Joseph problem is one of the application of list lists, the problem description: N people in a circle, everyone has a unique number, numbering from 1 to N, numbering from 1 to start off, and then report K, number of people out of K, his next from 1 start off, until all the people are out, Ask for the sequence of this column. Combined with the previous blog, here is a list of lists, giving a workable answer code.
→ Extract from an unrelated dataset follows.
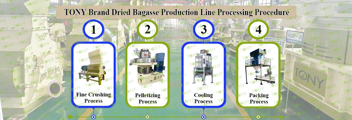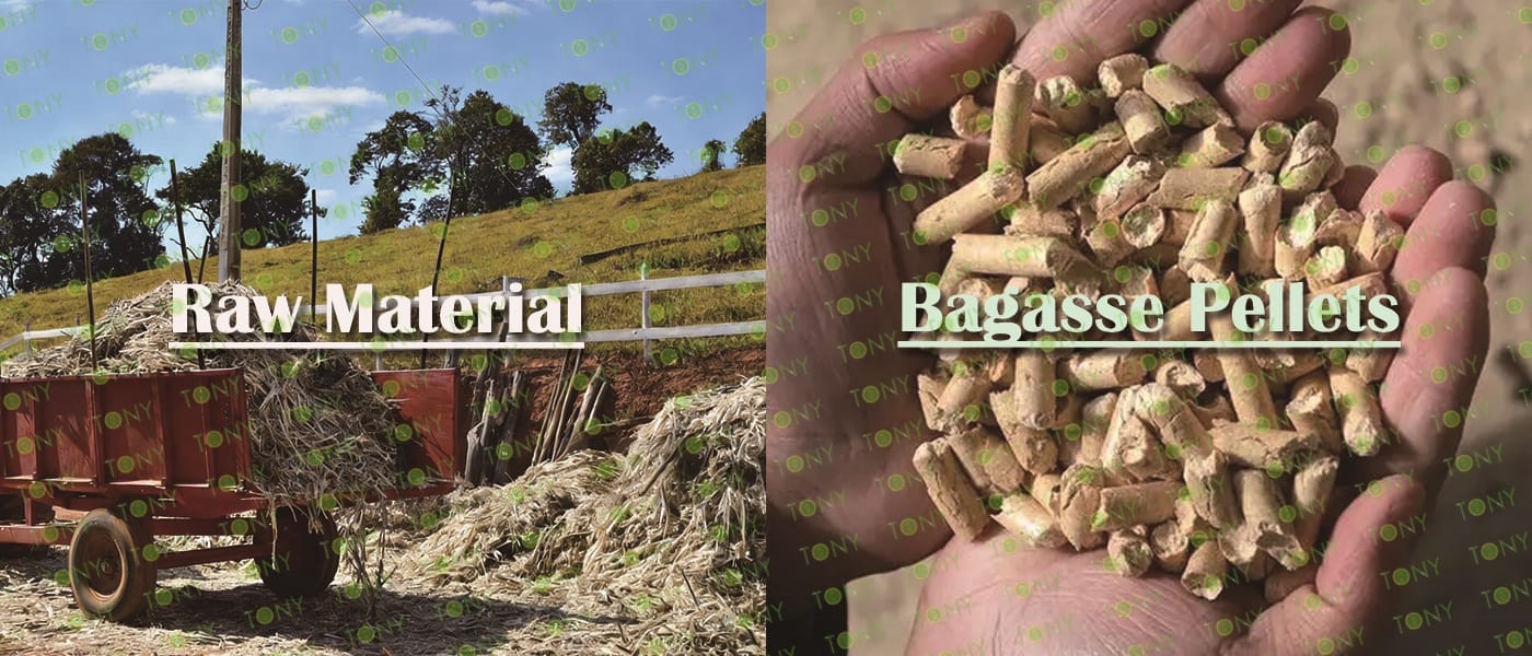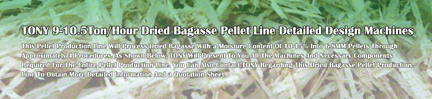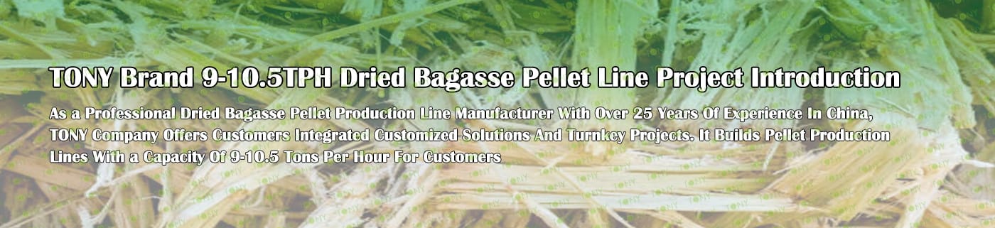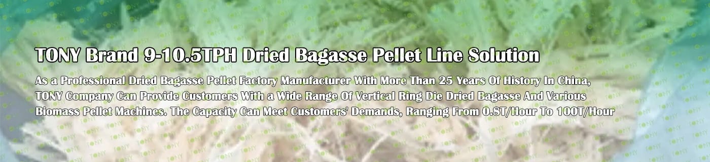 Заводът за производство на пелети от сушена багаса с марка TONY 9-10,5 тона/час може да използва сушена багаса като основна суровина. След предварителна обработка и обработка, той се втвърдява в пелетно гориво Bagasse с висока плътност. Това гориво е идеален заместител на въглищата и петрола и играе роля в енергоспестяването и намаляването на емисиите. Понастоящем той се използва широко в региони, богати на ресурси от багаса.

Note: N is the number of people, p is the number to be reported.
#include <iostream>
#include <list>
using namespace std;
int main ()
{
int n,p;
List<int> l;
while (cin>>n>>p)
{
l.clear ();
for (int i=1;i<=n;i++)
{
l.push_back (i);
}
List<int>::iterator It,pdel;
It=l.begin ();
while (L.size ()!=1)
{
//numbered, it points to the element to be deleted for
(i=1;i<p;i++)
{
it++;
if (It==l.end ())
it=l.begin ();
}
Delete processing
cout<<*it<< "->";
Pdel=it;
it++;
It= (It==l.end ())? L.begin (): it;
L.erase (Pdel);
}
cout<<*it<<endl;
}
return 0;
}
Java version of the simple Joseph Ring:
public class Test {public static void main (string[] args) {cyclink cyclink=new cyclink ();
Cyclink.setlength (5);
Cyclink.createlink ();
Cyclink.printlink ();
CYCLINK.SETK (2);
Cyclink.setm (2);
Cyclink.play ();
class Child {int number;
Child Nextchild;
public child (int number) {this.number=number;
}//Ring List class Cyclink {//Ring list size//point to first child application cannot move int length=0;
int k=0;
int m=0;
Child Firstchild=null;
Child Temp=null;
Sets the list size public void setlength (int length) {this.length=length;
public void setk (int k) {this.k=k;
public void Setm (int m) {this.m=m; }//Initialize ring list public void Createlink () {for (int i=1;i<=length;i++) {///Create First child if (i==1) {Baby ch
Ild=new Child (i);
This.firstchild=child;
This.temp=child;
else {Child child=new child (i);
This.temp.nextchild=child;
This.temp=child;
if (i==this.length) {//Create the last child This.temp.nextchild=this.firstchild; }}} public void Printlink () {child temp=this.firstchild;
do {System.out.print (temp.number+ "");
Temp=temp.nextchild;
}while (Temp!=firstchild);
System.out.println ();
public void Play () {child temp=this.firstchild;
Find the number of nodes for (int i=1;i<k;i++) {temp=temp.nextchild; } while (this.length!=1) {//number m for (int j=1;j<m;j++) {Temp=temp.nextchild
;
//Find out the previous node of the Circle child Temp1=temp;
while (temp1.nextchild!=temp) {temp1=temp1.nextchild;
///delete the node of M to Temp1.nextchild=temp.nextchild;
Temp=temp.nextchild;
This.printlink ();
this.length--;
}//Last node System.out.println (temp.number); }
}
Joseph problem There are other variants, such as starting from the first m off or when a person out of the team again to set a number of the value of a count, and so on, only to be on the basis of a C + + program to make changes can be.